Ele foi entrando e eu fechei a porta atrás de seu corpo. Pedi que esperasse na sala enquanto eu colocava uma roupa e voltei com um copo d’água bem gelado para ele. Entre todas as coisas que aprendi na vida, uma delas é ser uma boa anfitriã, obviamente quando estou com todos os meus parafusos no lugar. Ele sorriu agradecido e por um instante era como se o tempo não tivesse passado. Era como se agora fosse o dia seguinte da nossa última briga e ele tivesse chegadp para dar as explicações necessárias. Mas não era. Nossa última briga aconteceu há alguns anos e isso fica nítido quando olho para as entradas generosas em sua testa e os pequenos pés de galinhas que se formam ainda discretamente no canto de seus olhos. Então o que mais o havia trazido para este momento sentado em meu sofá com o corpo inclinado para frente e seus pulsos apoiados em seus joelhos? Eu não fazia ideia. Embora, se eu bem o conheci um dia em sua vida, havia um bom motivo. Não quis perguntar. Sentei-me no sofá oposto ao dele, de frente e com as pernas cruzadas sobre o sofá, como uma menina se senta ao brincar.
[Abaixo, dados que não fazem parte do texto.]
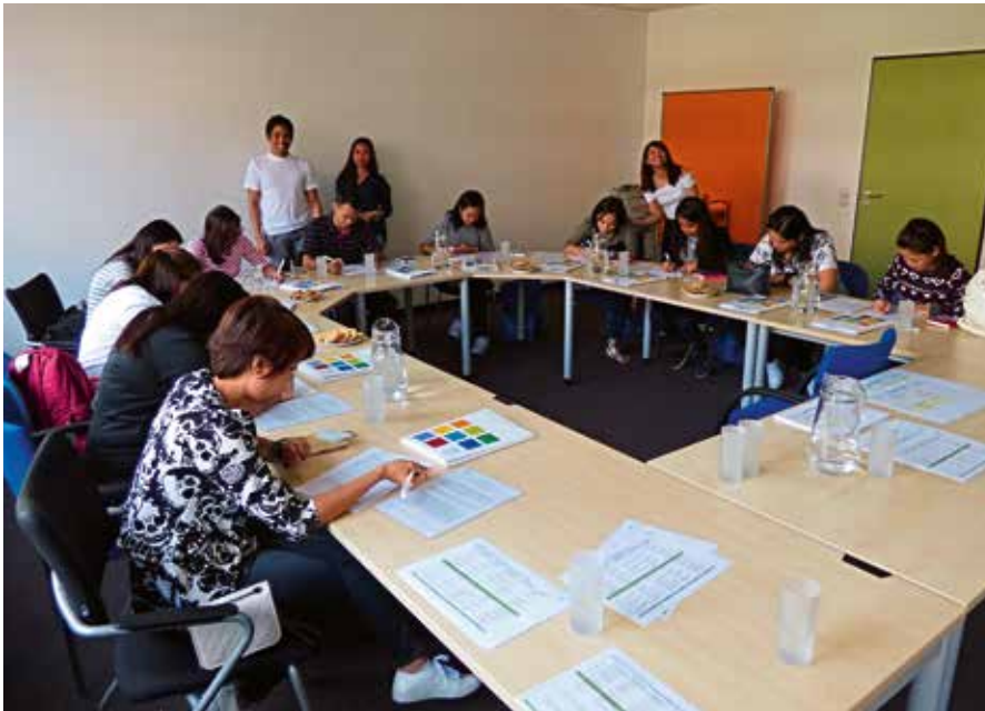
Die philippinischen Pflegekräfte erhalten von ihren neuen Kolleginnen und Kollegen Unterstützung.

Aus 12.000 Kilometern Entfernung landeten am 22. Mai elf ausgebildete Pflegekräfte mit mehrjähriger Berufserfahrung am Flughafen München. Bevor sie in den Berufsalltag im Städtischen Klinikum München starten, erhalten sie eine vierwöchige Einführung – insgesamt ist das Integrationsprogramm langfristig angelegt. Die Auslandsakquise ist für die städtischen Kliniken eine wichtige Maßnahme zur Sicherung des pflegerischen Fachpersonals.

Eu não era a única que observava o trabalho árduo do tempo, ele também parecia avaliar cada detalhe meu que estava diferente: os olhos pintados, o rosto que era de menina agora de mulher e até a pequena tatuagem em meu pulso “let it be” ele pareceu notar, não teceu nenhum pequeno comentário sequer, mas seus olhos varriam cada centímetro de mim. Não falamos nada. O silêncio foi quebrado apenas pelo aviso de nova mensagem no whatsapp no meu celular, eu olhei a tela iluminada e deslizei o dedo desbloqueando-a, ele se sentiu mais a vontade para olhar as horas no seu aparelho enquanto eu respondia, devolvi o celular na mesa de centro e logo a tela se bloqueou. Ele então perguntou:
- Era alguém importante, não é?
Eu não senti muita firmeza em sua voz, parece que ele tinha dúvidas se queria mesmo saber a resposta. E eu assenti com a cabeça, positivamente:
- Era sim, se não fosse importante não teria motivos para ter o meu número pessoal não é?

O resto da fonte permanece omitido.